Dzięki tej technice jesteśmy w stanie uzyskać optymalne rozdrobnienie cząstek. Chodzi zarówno o wypełniacze, jak i pigmenty. Urządzenie to wykorzystuje energię strumienia powietrza do mielenia – w wyniku zderzeń drobin następuje ich rozpad na mniejsze. Ich wielkość regulujemy poprzez prędkość podawania surowców sypkich – im mniejsza prędkość, tym mniejsza cząstka.
• Co to daje?
Cząstki są zawsze takiej samej wielkości, a im są one mniejsze, tym lepsza jest aplikacja produktu, większa „jedwabistość”. Dodam, że proces jest powtarzalny, a w samym urządzeniu nie ma elementów tnących, a tym samym części narażonych na zużywanie.

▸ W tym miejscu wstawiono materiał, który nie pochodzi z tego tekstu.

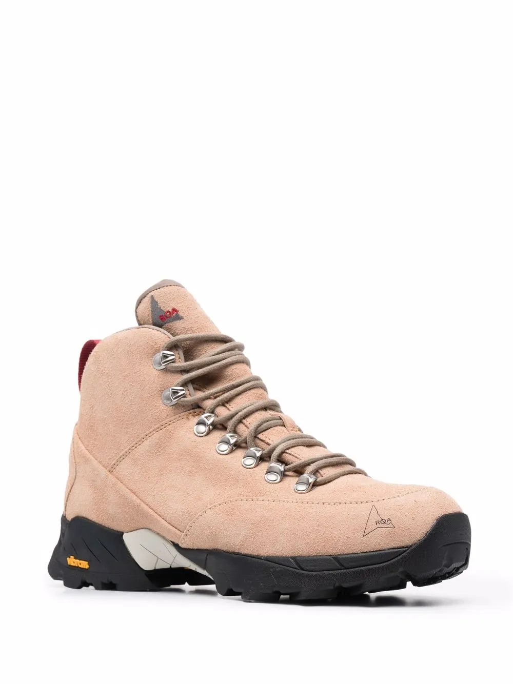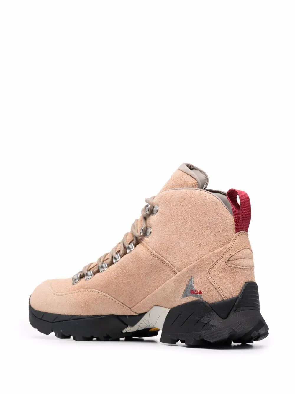 Beige suede Andreas suede hiking boots from ROA featuring logo patch at the tongue, round toe, front lace-up fastening, pull-tab at the heel and chunky rubber sole.
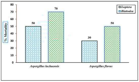 The insecticidal activity of fungal extracts is displayed against Isoptera and Blattodea. Mortality rates were recorded at 100 µg/mL after 24 h, with A. luchuensis showing higher efficacy across both insect taxa.

Aneta Łękawska-Wąs – główny technolog Joko Cosmetics |
• Powietrze regulujące wielkość drobin, a tym samym właściwości produktu – o takiej technologii można było tylko pomarzyć 20 lat temu, kiedy firma rozpoczynała swoją działalność. Co jeszcze zmieniło się w ciągu tych dwóch dekad?
Rynek kosmetyczny bardzo się rozwinął. Pojawiły się nowe rozwiązania techniczne i technologiczne. Produkty na nim dostępne są tak różnorodne, że wydawałoby się, iż jest on już nasycony i trudno coś innego wprowadzić. Jednak obserwujemy, jak co chwilę pojawiają się zaskakujące nowości.
Dostęp do internetu przyczynił się do wzrostu świadomości konsumentów. Kobiety dzielą się opiniami na blogach, forach internetowych. Informacje, którymi się wymieniają, nie zawsze są rzetelne. I tym sposobem składniki całkowicie przebadane i bezpieczne są przedstawiane jako stwarzające zagrożenie dla zdrowia.
• Przykładowo parabeny…
Tak. Parabeny to najlepiej przebadane konserwanty. Już niewielka ich ilość dodana do receptury dobrze zabezpiecza produkt. Pojawiły się publikacje z doniesieniami o szkodliwym wpływie parabenów na zdrowie ludzi, jednak nie mają one żadnych mocnych naukowych dowodów. Wyniki zostały nieprawidłowo zinterpretowane i nagłośnione przez media, co przełożyło się na niechęć konsumentek do tych konserwantów. Choć są one nadal dopuszczone do stosowania w kosmetykach, wiele firm wycofało je ze swoich produktów. Czy zrobili dobrze – czas pokaże.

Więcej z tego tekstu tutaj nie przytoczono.